Directions for this task
Output only the lines below from the one holding "During this step" down to the one holding "Chia sẻ với", both end lines included and every picture dropped.

Exercise data
-.-.-
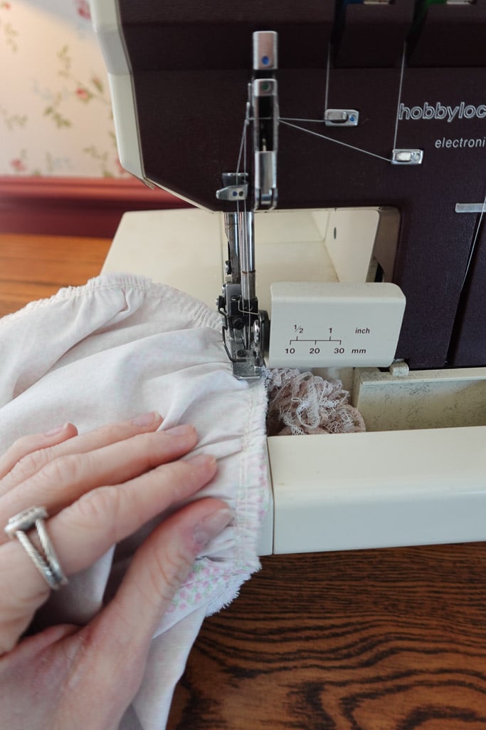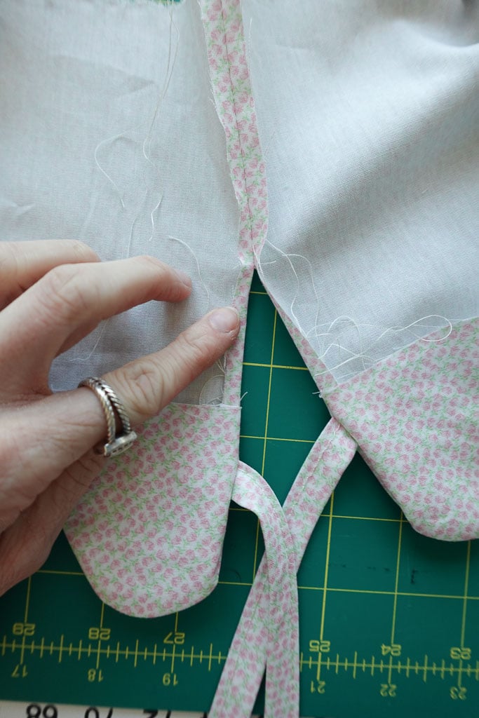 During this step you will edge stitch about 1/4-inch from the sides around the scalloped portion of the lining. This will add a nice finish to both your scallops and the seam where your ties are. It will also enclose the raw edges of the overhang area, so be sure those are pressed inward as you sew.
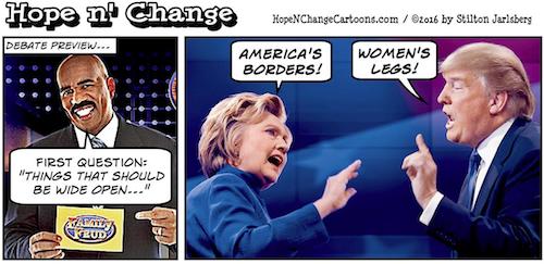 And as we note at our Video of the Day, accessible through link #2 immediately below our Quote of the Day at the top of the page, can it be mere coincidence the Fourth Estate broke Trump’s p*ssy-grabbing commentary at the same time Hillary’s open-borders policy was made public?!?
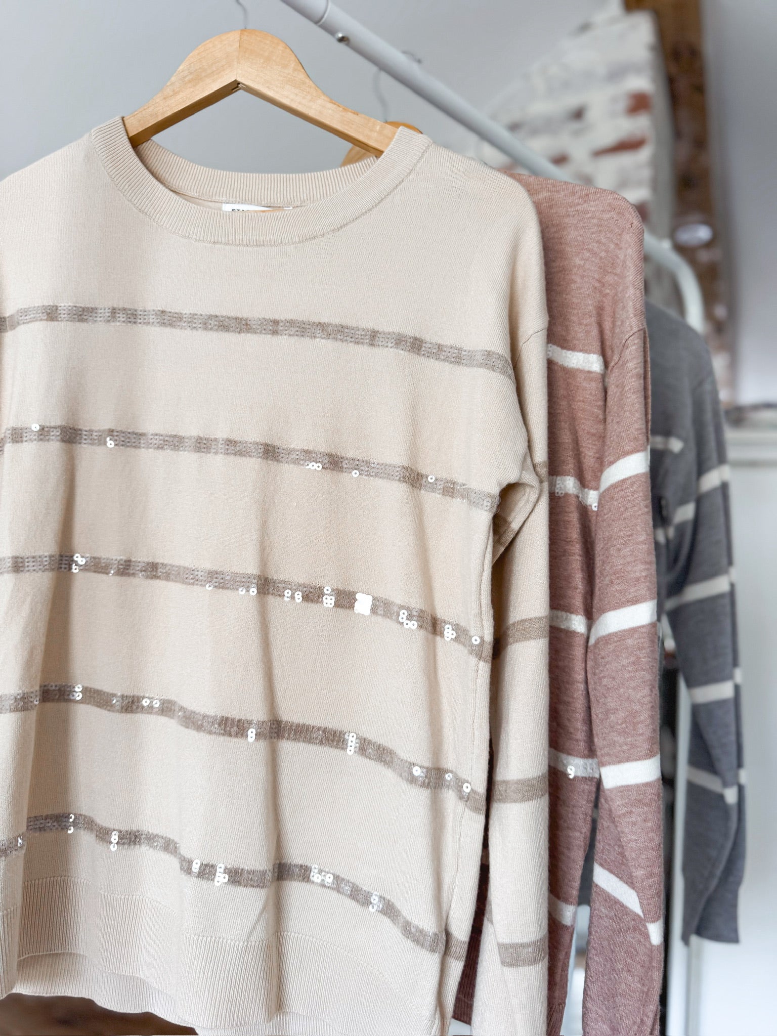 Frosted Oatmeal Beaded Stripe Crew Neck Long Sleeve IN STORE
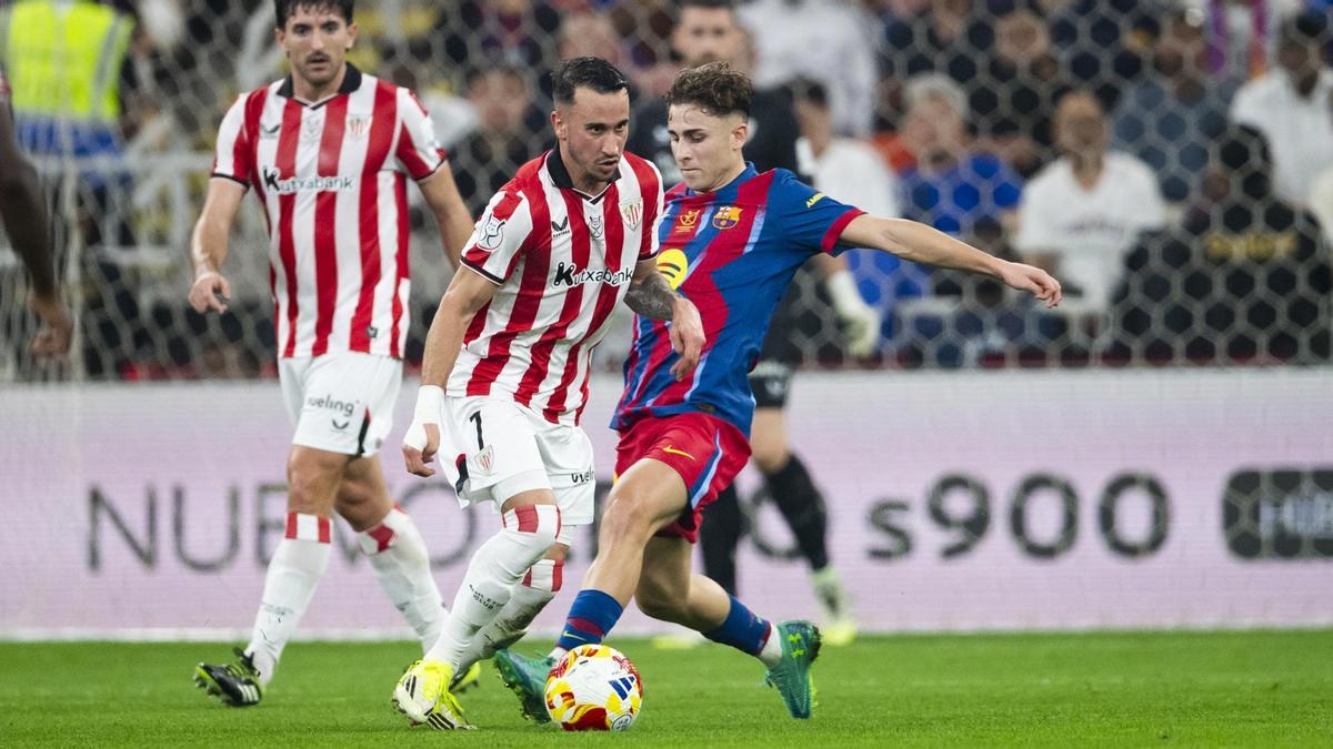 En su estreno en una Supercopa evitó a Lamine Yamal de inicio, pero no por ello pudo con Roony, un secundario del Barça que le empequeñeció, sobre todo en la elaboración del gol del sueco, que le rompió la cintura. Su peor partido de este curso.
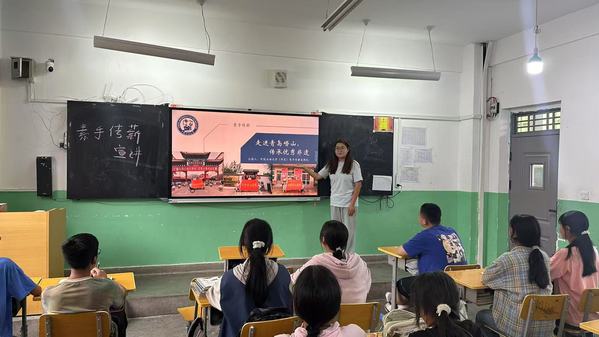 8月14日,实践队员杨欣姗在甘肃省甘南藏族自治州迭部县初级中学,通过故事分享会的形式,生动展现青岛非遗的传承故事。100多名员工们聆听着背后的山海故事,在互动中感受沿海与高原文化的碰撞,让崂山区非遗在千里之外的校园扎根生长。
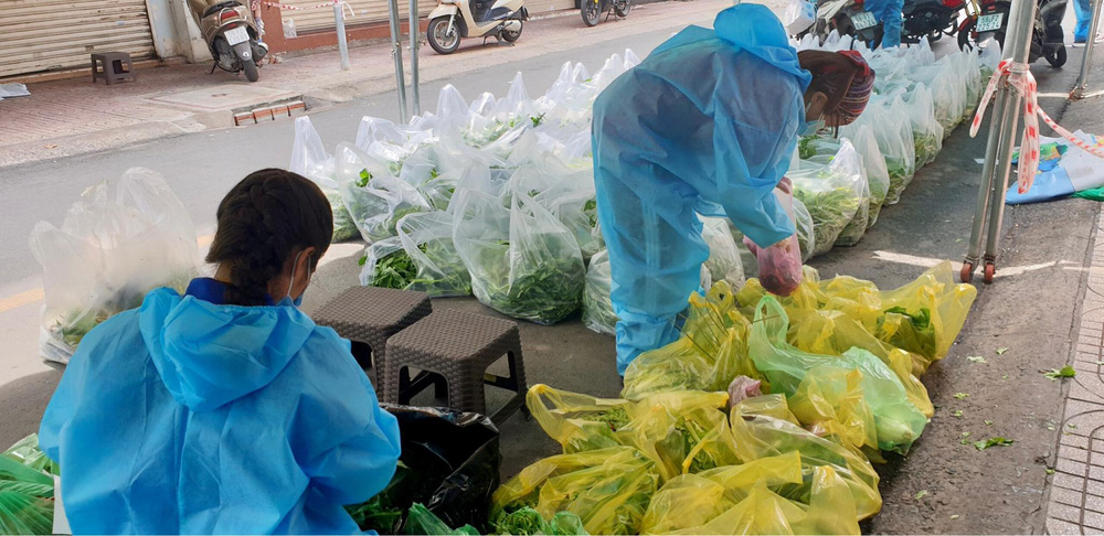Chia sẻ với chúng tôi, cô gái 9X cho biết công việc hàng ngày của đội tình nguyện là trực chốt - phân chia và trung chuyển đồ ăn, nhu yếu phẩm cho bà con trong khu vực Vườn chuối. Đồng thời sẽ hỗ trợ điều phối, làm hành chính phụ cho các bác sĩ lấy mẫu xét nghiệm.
-.-.-
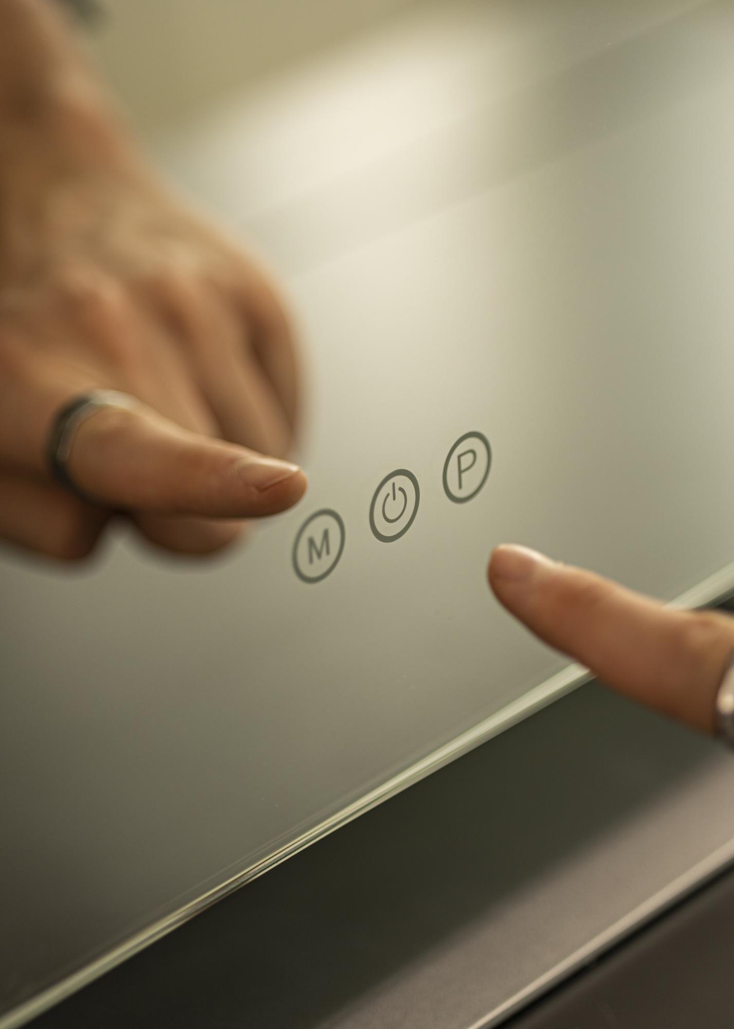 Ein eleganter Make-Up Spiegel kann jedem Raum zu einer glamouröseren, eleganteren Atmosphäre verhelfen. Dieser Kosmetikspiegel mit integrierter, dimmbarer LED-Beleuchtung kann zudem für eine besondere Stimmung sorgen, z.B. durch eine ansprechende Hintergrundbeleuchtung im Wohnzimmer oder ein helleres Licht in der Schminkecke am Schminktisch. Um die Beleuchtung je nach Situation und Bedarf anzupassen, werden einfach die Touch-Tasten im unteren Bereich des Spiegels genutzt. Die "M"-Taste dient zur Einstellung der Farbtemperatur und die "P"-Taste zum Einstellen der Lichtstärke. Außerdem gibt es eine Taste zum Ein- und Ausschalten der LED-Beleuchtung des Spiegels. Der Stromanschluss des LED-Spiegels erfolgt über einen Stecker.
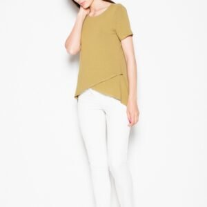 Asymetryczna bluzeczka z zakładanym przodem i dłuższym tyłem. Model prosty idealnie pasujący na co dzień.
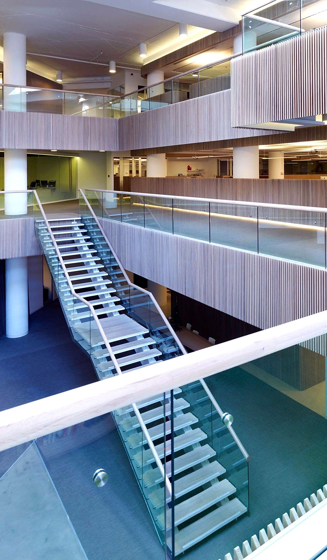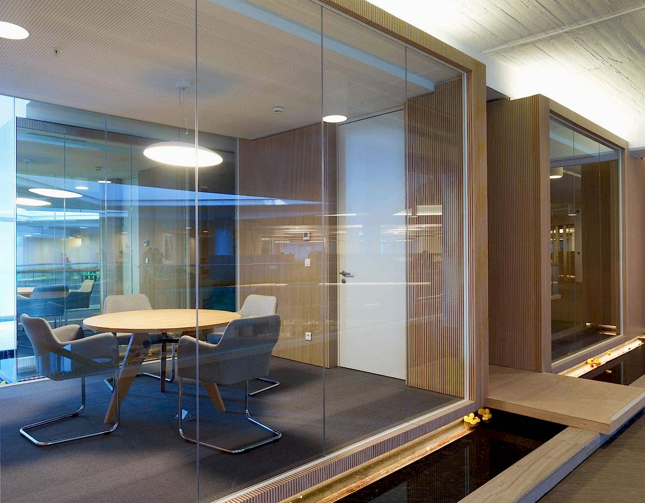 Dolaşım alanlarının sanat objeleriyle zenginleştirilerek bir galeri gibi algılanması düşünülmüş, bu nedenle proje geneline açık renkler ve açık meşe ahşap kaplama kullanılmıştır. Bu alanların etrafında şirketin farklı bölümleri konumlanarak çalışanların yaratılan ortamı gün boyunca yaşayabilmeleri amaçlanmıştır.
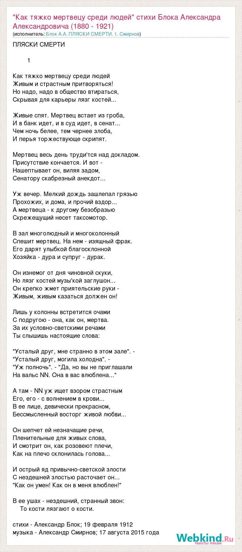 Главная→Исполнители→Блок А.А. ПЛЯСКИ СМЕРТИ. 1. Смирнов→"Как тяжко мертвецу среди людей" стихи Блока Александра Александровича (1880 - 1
-.-.-
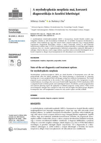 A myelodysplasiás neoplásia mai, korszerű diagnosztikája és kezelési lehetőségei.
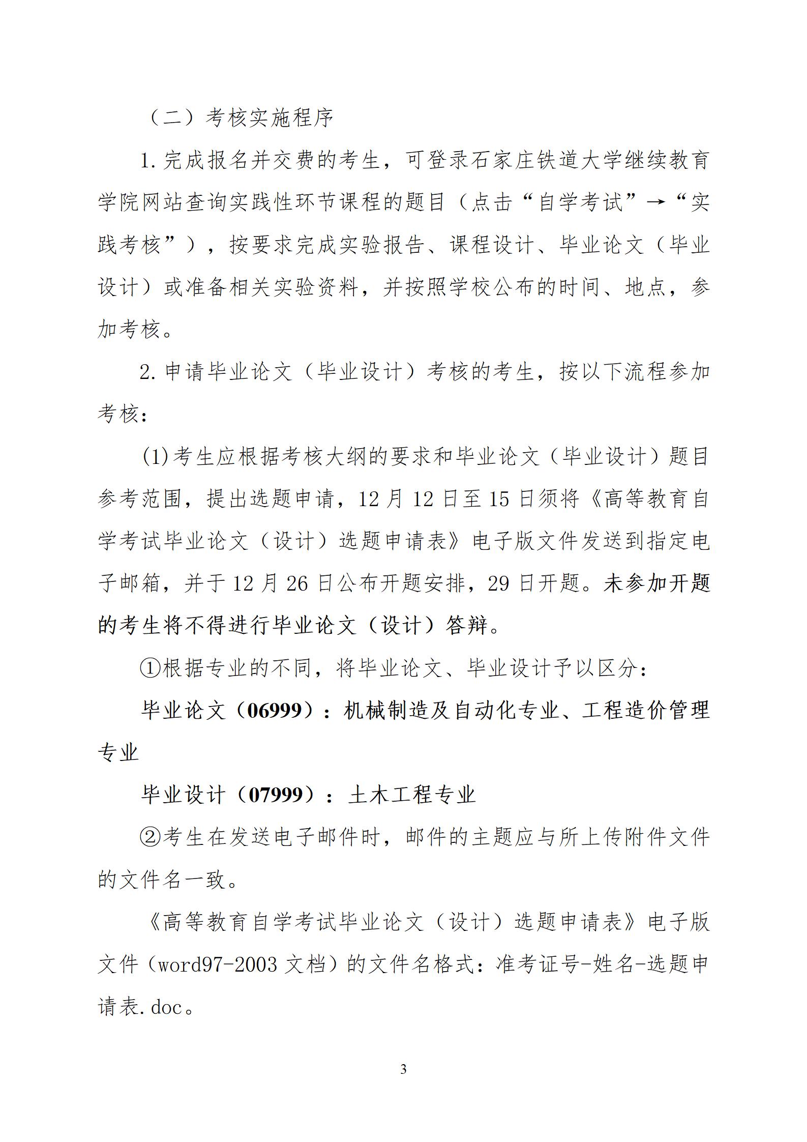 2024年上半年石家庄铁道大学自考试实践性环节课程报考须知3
-.-.-
Answer to the exercise
 During this step you will edge stitch about 1/4-inch from the sides around the scalloped portion of the lining. This will add a nice finish to both your scallops and the seam where your ties are. It will also enclose the raw edges of the overhang area, so be sure those are pressed inward as you sew.
 And as we note at our Video of the Day, accessible through link #2 immediately below our Quote of the Day at the top of the page, can it be mere coincidence the Fourth Estate broke Trump’s p*ssy-grabbing commentary at the same time Hillary’s open-borders policy was made public?!?
 Frosted Oatmeal Beaded Stripe Crew Neck Long Sleeve IN STORE
 En su estreno en una Supercopa evitó a Lamine Yamal de inicio, pero no por ello pudo con Roony, un secundario del Barça que le empequeñeció, sobre todo en la elaboración del gol del sueco, que le rompió la cintura. Su peor partido de este curso.
 8月14日,实践队员杨欣姗在甘肃省甘南藏族自治州迭部县初级中学,通过故事分享会的形式,生动展现青岛非遗的传承故事。100多名员工们聆听着背后的山海故事,在互动中感受沿海与高原文化的碰撞,让崂山区非遗在千里之外的校园扎根生长。
Chia sẻ với chúng tôi, cô gái 9X cho biết công việc hàng ngày của đội tình nguyện là trực chốt - phân chia và trung chuyển đồ ăn, nhu yếu phẩm cho bà con trong khu vực Vườn chuối. Đồng thời sẽ hỗ trợ điều phối, làm hành chính phụ cho các bác sĩ lấy mẫu xét nghiệm.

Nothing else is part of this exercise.